*Source data:*
+ + + +
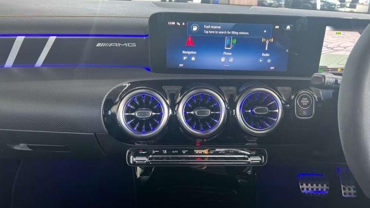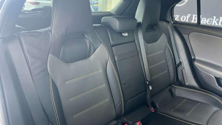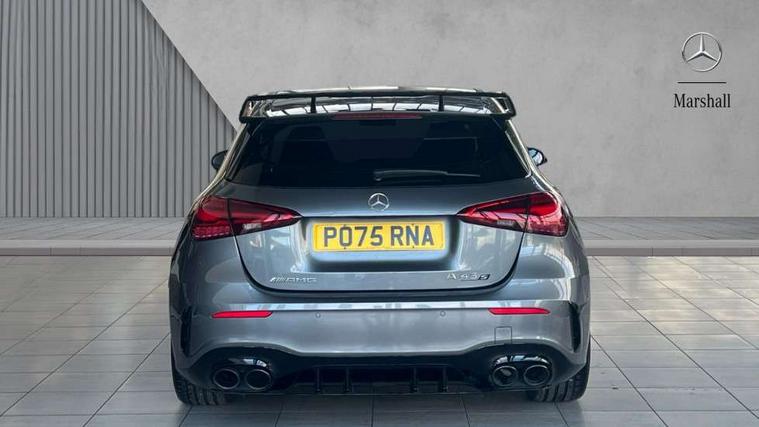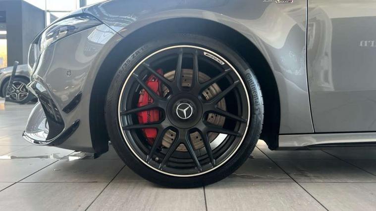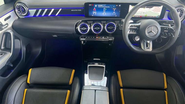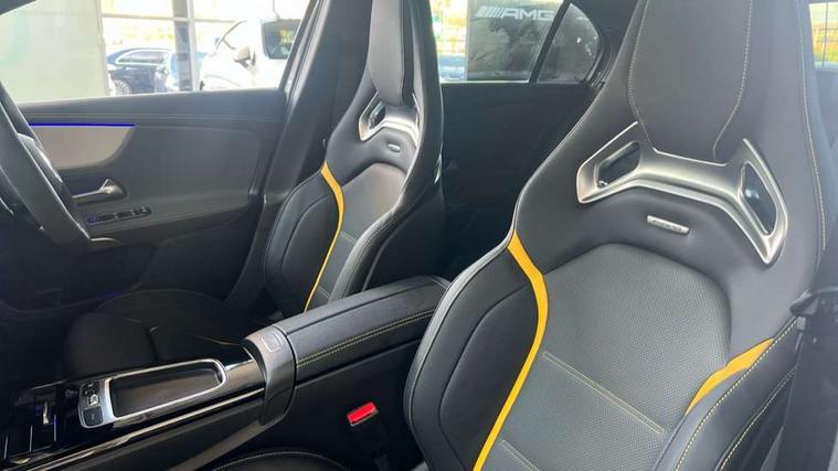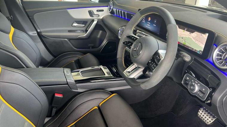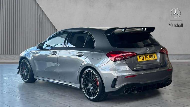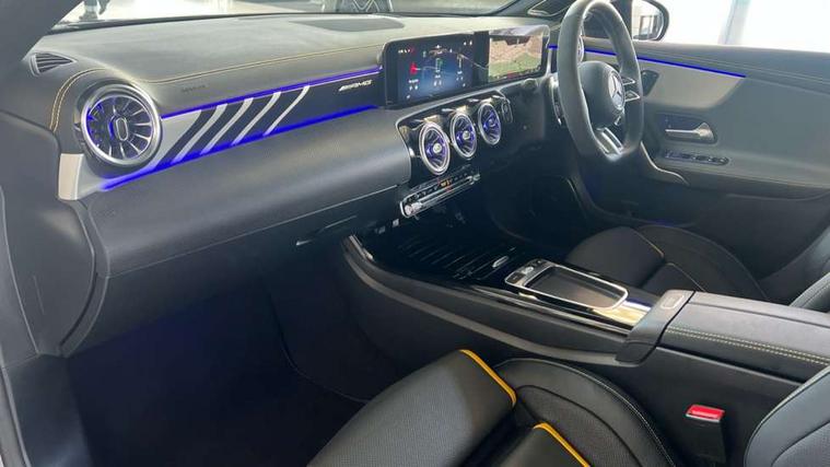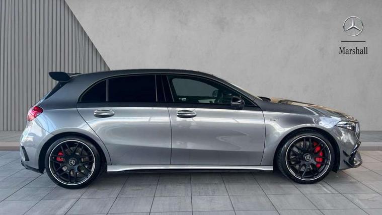 10.25 inch touchscreen central media display with AMG specific, AMG start up logo, visualisation of the AMG drive programs, vehicle and engine data, 10.25" Digital instrument cluster display screen, AMG DYNAMIC SELECT with drive modes(Slippery, Comfort, Sport, Sport+, Individual and Race) incl drift mode via steering wheel shift paddles+Race Start, AMG menu with sporty additional information - Gear indicator with yellow M symbol manual mode, Warm Up menu and Set Up menu, AMG speed sensitive steering with two sets of steering characteristics, Attention assist, Brake pad wear indicator warning light, Car wash mode, Direct steering, Dual bluetooth interfaces, ECO start/stop function, Engine start/stop button, Fluid level warning indicator for fuel, oil, coolant and washer fluid, Fluorescent jacket for driver, Hard-disk navigation, Head up Display, Hey Mercedes Voice activation, Lamp failure indicator, MBUX augmented reality for navigation, Mercedes me connect including emergency call system, accident recovery, breakdown and maintenance management, Mercedes me remote services, Outside temperature gauge, Owners manual in English, Pre-installation of private car share, Remote boot closing, Service indicator (ASSYST), Smartphone integration with Apple CarPlay and Android auto, Tailgate, Traffic sign assist, Trip computer in multifunction display with current consumption indicator, Wireless charging, AMG performance 4MATIC+ with torque control, AMG suspension including AMG specific axles and sporty spring/damper setup, Suspension with adaptive damping system, Burmester surround sound system (590W) with Dolby atmos, speakers - 1 center+4 doors+2 in C pillars, tweeter, subwoofer, DSP amp, burmester lettering, DAB Digital radio, MBUX multimedia system, 4 Electric Front and Rear windows, Adaptive brake lights, AMG A45 S bodystyling -rear apron, four vertical fins, side sill panels, roof spoiler lip, specific front apron, diffuser look and S label on boot lid, AMG real performance exhaust sound system, AMG specific radiator grille in high gloss chrome with AMG lettering, Beltline strips in High gloss Black, Body colour bumpers, Body colour door handles with chrome inserts, Body colour side skirt, Electric adjustable and heated door mirrors with integrated LED side indicators, Headlamp assist automatic headlamp activation, Heated glass rear windscreen + timer control, LED daytime running lights, LED High level third brake light, LED tail lamp, Multibeam LED headlamps with adaptive highbeam assist and cornering function, Panoramic sliding sunroof, Privacy glass, Radio aerial, Rain sensing windscreen wipers with two sensitivity settings, Rear fog lights, Rear side wing doors, Rear windscreen wiper, Surround lighting with logo projection, Two round twin tailpipe trim elements each measuring 90 mm in diameter and AMG lettering plus ribbing on the inside of the pipe, Valve control dependent on drive program, Wider wheel arches for AMG wheels, Window line trim strip in black, 3 seat bench in 2nd row, 3 Spoke flattened lower section sporty design AMG Performance steering wheel in nappa leather/microcut microfibre, 40:20:40 split folding rear seats, Air conditioning - Two zone thermotronic luxury automatic climate control with display, AMG brushed stainless steel sports pedals with rubber studs, AMG centre console finished with trim in silver chrome, AMG floor mats, AMG performance seats, AMG sporty centre console with raised front section and integral control switched for manual transmission mode, AMG steering wheel buttons, Automatic child seat recognition sensor, Black air vents with surround in silver chrome, Black roof lining, Electrically adjustable front memory seats including lumbar support and backrest inclination, Front centre armrest with stowage, Front seat head restraints, Height/reach adjustable steering column, Illuminated AMG front door sills with changeable cover, Interior lighting - 64 colour Ambient lighting, Interior mirror with reading lamps in black and frameless, Rear armrest with 2 cupholders, Rear head restraints, Seat occupancy sensor for front passenger seat, Silver coloured aluminium gear shift paddles on steering wheel, Single front passenger seat, Stowage compartment in centre console with retractable cover, Sunvisors with illuminated vanity mirrors, Twin front cupholders, Aerodynamic pack - A Class, AMG Driver's pack - A Class, AMG night pack - A Class, AMG performance high-end seat pack - A Class, Light and sight package - A Class, Mirror package - A Class, Multi-contour seat pack - A Class, Parking pack with 360 degree camera - A Class, Seat comfort pack - A Class, USB pack plus - A Class, Winter pack - A Class, 3 rear 3 point seatbelts, 3 stage electronic stability programme, ABS with Brake Assist, Active bonnet, Adaptive brake assist with hold function and hill start assist, AMG high performance brake system with red painted brake callipers and black AMG lettering at the front, ventilated and perforated brake discs, Black seatbelts, Bonnet with power domes, Childproof locks manually operated for rear doors and electrically operated for rear power windows, Crash responsive emergency lighting, Driver and passenger head and side airbags, Drivers knee airbag, Dual stage driver/passenger airbags, Electronic parking brake, ESP curve dynamic assist, ESP with ASR, Exit warning, Front and rear seatbelt reminder, ISOFIX and top tether child seat fixing points in two outer rear seats, Tyre pressure monitoring system, Warning triangle and first aid kit, Window airbags, Alarm system/interior protection/immobiliser, Guard 360 degree vehicle protection, Keyless entry lock/unlock, Keyless Go, Remote central locking and crash sensor with emergency opening function, Aluminium AMG design black/silver interior trim, 19" AMG cross spoke forged wheels painted in matt black with high sheen rim flange, Summer tyres, Tirefit sealant kit, Wheel arches with flared AMG wings with TURBO 4MATIC+ letterin
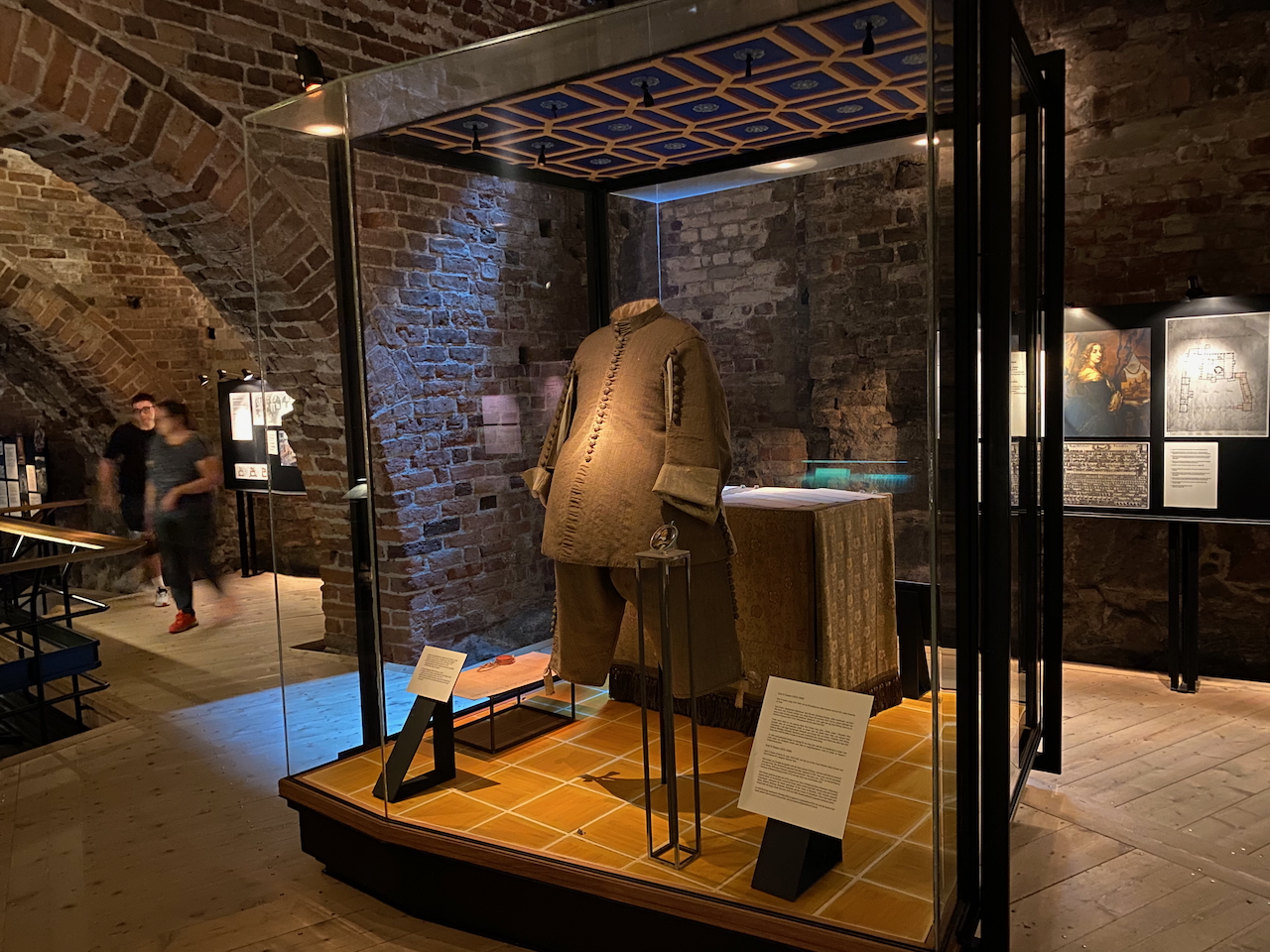 Der Besuch des Schlosses ist anstrengend. Zum einen wagen wir den Spaziergang durchs Schloss ohne Führung, ohne Infomaterial und ohne Guide. Zum anderen erschlagen uns die Eindrücke zunehmend, ähnlich wie gestern im Vasa-Museum. Der Punkt ist irgendwann erreicht, an dem wir durch die Räumlichkeiten schlendern und kaum noch ein Auge für die vielen sehenswerten Details übrighaben. Etwas Geld für einen weiteren Magneten ist jedoch noch übrig und dann wechseln wir umgehend in das dritte Museum am heutigen Vormittag. Das ist kulturelle Druckbetankung pur! Während ein Teil der Geburtstagsgesellschaft nun endlich das Abba-Museum entern kann, andere sich die Stockholmer Altstadt im Hellen betrachten und Eis essen gehen, schauen wir uns in den Schloss-Katakomben das Museum über die Burg „Tre Kronor“ an. Im Jahr 1697 brannte die Burg „Tre Kronor“ komplett ab und das heutige Schloss wurde auf den Ruinen der alten Burg errichtet. Die Verantwortlichen für den Brand wurden zum Spießrutenlaufen verurteilt.
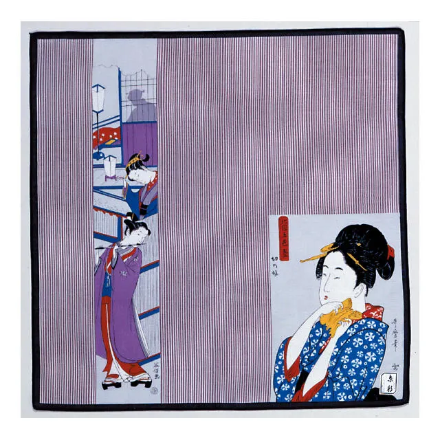 京彩 ハンカチ 浮世絵・寺社の襖絵や屏風絵に由来した意匠をもとに、捺染プリントで一枚一枚丁寧にプリントし、縫製されたハンカチです。絵画のように描いた、日本の伝統美を表現した美しい一枚です。 喜多川歌麿は江戸時代後期を代表する浮世絵師で、美人画の革新者です。 「美人大首絵」という女性の上半身を大きく描く構図を用い、顔の表情や仕草を通して内面の感情までも繊細に表現しました。 背景を省き、色彩や質感の美しさを際立たせる技法も駆使し、今もなお日本美術史に輝く天才絵師と評価されています。 サイズ・容量 約 43 × 43 cm 規格 綿 100%(ローン生地) 特記事項 生地の色はお使いのパソコンモニター・メーカーや機種の画面設定により、実際の商品の色とは異なってみえる場合がございます。予めご了承ください。 ご注文のタイミングによっては、注文確定後でも完売となる場合がございます。 生産国 日本
+ + + +
The reply must consist of the complete listing, reproduced exactly, with no images.

 10.25 inch touchscreen central media display with AMG specific, AMG start up logo, visualisation of the AMG drive programs, vehicle and engine data, 10.25" Digital instrument cluster display screen, AMG DYNAMIC SELECT with drive modes(Slippery, Comfort, Sport, Sport+, Individual and Race) incl drift mode via steering wheel shift paddles+Race Start, AMG menu with sporty additional information - Gear indicator with yellow M symbol manual mode, Warm Up menu and Set Up menu, AMG speed sensitive steering with two sets of steering characteristics, Attention assist, Brake pad wear indicator warning light, Car wash mode, Direct steering, Dual bluetooth interfaces, ECO start/stop function, Engine start/stop button, Fluid level warning indicator for fuel, oil, coolant and washer fluid, Fluorescent jacket for driver, Hard-disk navigation, Head up Display, Hey Mercedes Voice activation, Lamp failure indicator, MBUX augmented reality for navigation, Mercedes me connect including emergency call system, accident recovery, breakdown and maintenance management, Mercedes me remote services, Outside temperature gauge, Owners manual in English, Pre-installation of private car share, Remote boot closing, Service indicator (ASSYST), Smartphone integration with Apple CarPlay and Android auto, Tailgate, Traffic sign assist, Trip computer in multifunction display with current consumption indicator, Wireless charging, AMG performance 4MATIC+ with torque control, AMG suspension including AMG specific axles and sporty spring/damper setup, Suspension with adaptive damping system, Burmester surround sound system (590W) with Dolby atmos, speakers - 1 center+4 doors+2 in C pillars, tweeter, subwoofer, DSP amp, burmester lettering, DAB Digital radio, MBUX multimedia system, 4 Electric Front and Rear windows, Adaptive brake lights, AMG A45 S bodystyling -rear apron, four vertical fins, side sill panels, roof spoiler lip, specific front apron, diffuser look and S label on boot lid, AMG real performance exhaust sound system, AMG specific radiator grille in high gloss chrome with AMG lettering, Beltline strips in High gloss Black, Body colour bumpers, Body colour door handles with chrome inserts, Body colour side skirt, Electric adjustable and heated door mirrors with integrated LED side indicators, Headlamp assist automatic headlamp activation, Heated glass rear windscreen + timer control, LED daytime running lights, LED High level third brake light, LED tail lamp, Multibeam LED headlamps with adaptive highbeam assist and cornering function, Panoramic sliding sunroof, Privacy glass, Radio aerial, Rain sensing windscreen wipers with two sensitivity settings, Rear fog lights, Rear side wing doors, Rear windscreen wiper, Surround lighting with logo projection, Two round twin tailpipe trim elements each measuring 90 mm in diameter and AMG lettering plus ribbing on the inside of the pipe, Valve control dependent on drive program, Wider wheel arches for AMG wheels, Window line trim strip in black, 3 seat bench in 2nd row, 3 Spoke flattened lower section sporty design AMG Performance steering wheel in nappa leather/microcut microfibre, 40:20:40 split folding rear seats, Air conditioning - Two zone thermotronic luxury automatic climate control with display, AMG brushed stainless steel sports pedals with rubber studs, AMG centre console finished with trim in silver chrome, AMG floor mats, AMG performance seats, AMG sporty centre console with raised front section and integral control switched for manual transmission mode, AMG steering wheel buttons, Automatic child seat recognition sensor, Black air vents with surround in silver chrome, Black roof lining, Electrically adjustable front memory seats including lumbar support and backrest inclination, Front centre armrest with stowage, Front seat head restraints, Height/reach adjustable steering column, Illuminated AMG front door sills with changeable cover, Interior lighting - 64 colour Ambient lighting, Interior mirror with reading lamps in black and frameless, Rear armrest with 2 cupholders, Rear head restraints, Seat occupancy sensor for front passenger seat, Silver coloured aluminium gear shift paddles on steering wheel, Single front passenger seat, Stowage compartment in centre console with retractable cover, Sunvisors with illuminated vanity mirrors, Twin front cupholders, Aerodynamic pack - A Class, AMG Driver's pack - A Class, AMG night pack - A Class, AMG performance high-end seat pack - A Class, Light and sight package - A Class, Mirror package - A Class, Multi-contour seat pack - A Class, Parking pack with 360 degree camera - A Class, Seat comfort pack - A Class, USB pack plus - A Class, Winter pack - A Class, 3 rear 3 point seatbelts, 3 stage electronic stability programme, ABS with Brake Assist, Active bonnet, Adaptive brake assist with hold function and hill start assist, AMG high performance brake system with red painted brake callipers and black AMG lettering at the front, ventilated and perforated brake discs, Black seatbelts, Bonnet with power domes, Childproof locks manually operated for rear doors and electrically operated for rear power windows, Crash responsive emergency lighting, Driver and passenger head and side airbags, Drivers knee airbag, Dual stage driver/passenger airbags, Electronic parking brake, ESP curve dynamic assist, ESP with ASR, Exit warning, Front and rear seatbelt reminder, ISOFIX and top tether child seat fixing points in two outer rear seats, Tyre pressure monitoring system, Warning triangle and first aid kit, Window airbags, Alarm system/interior protection/immobiliser, Guard 360 degree vehicle protection, Keyless entry lock/unlock, Keyless Go, Remote central locking and crash sensor with emergency opening function, Aluminium AMG design black/silver interior trim, 19" AMG cross spoke forged wheels painted in matt black with high sheen rim flange, Summer tyres, Tirefit sealant kit, Wheel arches with flared AMG wings with TURBO 4MATIC+ letterin
 Der Besuch des Schlosses ist anstrengend. Zum einen wagen wir den Spaziergang durchs Schloss ohne Führung, ohne Infomaterial und ohne Guide. Zum anderen erschlagen uns die Eindrücke zunehmend, ähnlich wie gestern im Vasa-Museum. Der Punkt ist irgendwann erreicht, an dem wir durch die Räumlichkeiten schlendern und kaum noch ein Auge für die vielen sehenswerten Details übrighaben. Etwas Geld für einen weiteren Magneten ist jedoch noch übrig und dann wechseln wir umgehend in das dritte Museum am heutigen Vormittag. Das ist kulturelle Druckbetankung pur! Während ein Teil der Geburtstagsgesellschaft nun endlich das Abba-Museum entern kann, andere sich die Stockholmer Altstadt im Hellen betrachten und Eis essen gehen, schauen wir uns in den Schloss-Katakomben das Museum über die Burg „Tre Kronor“ an. Im Jahr 1697 brannte die Burg „Tre Kronor“ komplett ab und das heutige Schloss wurde auf den Ruinen der alten Burg errichtet. Die Verantwortlichen für den Brand wurden zum Spießrutenlaufen verurteilt.
 京彩 ハンカチ 浮世絵・寺社の襖絵や屏風絵に由来した意匠をもとに、捺染プリントで一枚一枚丁寧にプリントし、縫製されたハンカチです。絵画のように描いた、日本の伝統美を表現した美しい一枚です。 喜多川歌麿は江戸時代後期を代表する浮世絵師で、美人画の革新者です。 「美人大首絵」という女性の上半身を大きく描く構図を用い、顔の表情や仕草を通して内面の感情までも繊細に表現しました。 背景を省き、色彩や質感の美しさを際立たせる技法も駆使し、今もなお日本美術史に輝く天才絵師と評価されています。 サイズ・容量 約 43 × 43 cm 規格 綿 100%(ローン生地) 特記事項 生地の色はお使いのパソコンモニター・メーカーや機種の画面設定により、実際の商品の色とは異なってみえる場合がございます。予めご了承ください。 ご注文のタイミングによっては、注文確定後でも完売となる場合がございます。 生産国 日本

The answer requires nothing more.